El lenguaje utilizado por Powell, como el de todo banquero central, fue sutil y cuidadoso, utilizando términos como “condiciones monterías más laxas”. Sin embargo, a juzgar por la reacción que tuvo este mensaje en el mercado de bonos de largo plazo,  los inversionistas entendieron  que el banco central mantendrá la tasa de interés de referencia en niveles cercanos a cero durante un tiempo prolongado y que no modificará los programas heterodoxos de inyección de liquidez que están apuntalando los precios de las acciones de las compañías de élite en Estados Unidos. 

En la derecha, las páginas editoriales del Wall Street Journal lamentaron la decisión anunciada por Powell.

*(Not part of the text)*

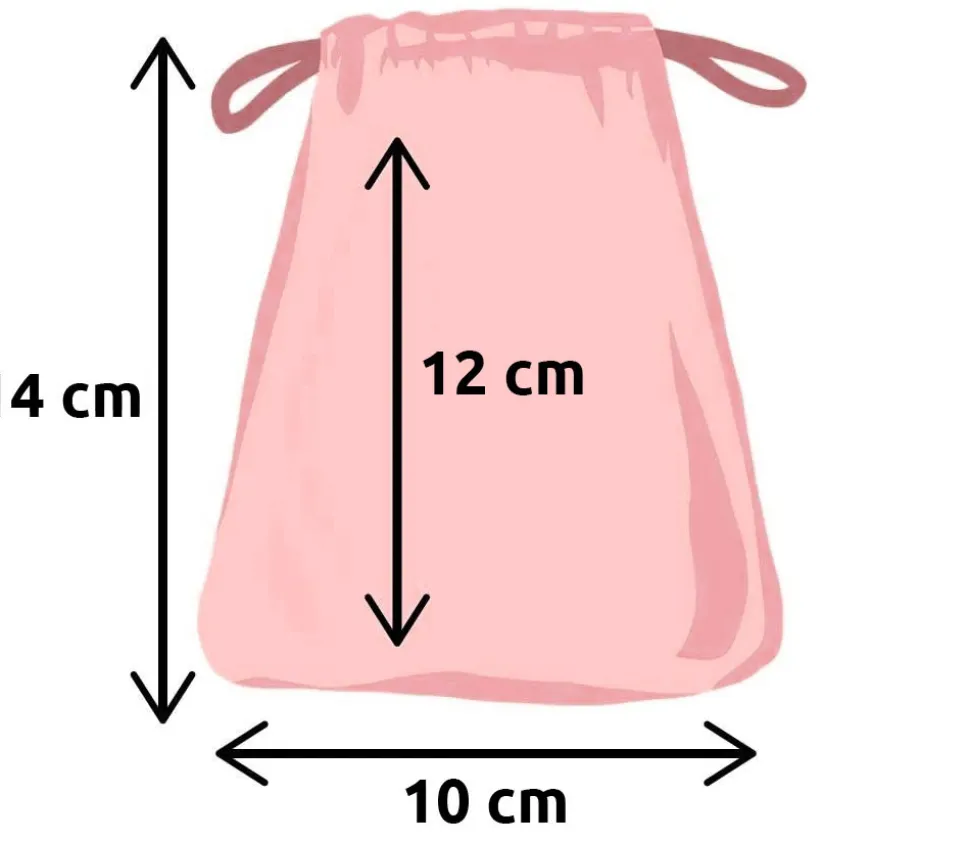 Dimensions du sac tissu pour accessoires de jeu : 14 x 10 cm

Desde el punto de vista de columnistas como Greg Ip, el banco central está ampliando sus facultades y discrecionalidad, alejando a la política monetaria de un estándar basado en reglas (La regla de Taylor, por ejemplo). 

En la izquierda, economistas como el célebre Nathan Tankus, aplauden la medida y el reconocimiento de que la política monetaria no puede basarse en premisas que han perdido validez en esta coyuntura. 

Estamos ante un debate de primera importancia para la dinámica de los mercados financieros, uno que tendría que interesarle a todos los inversionistas.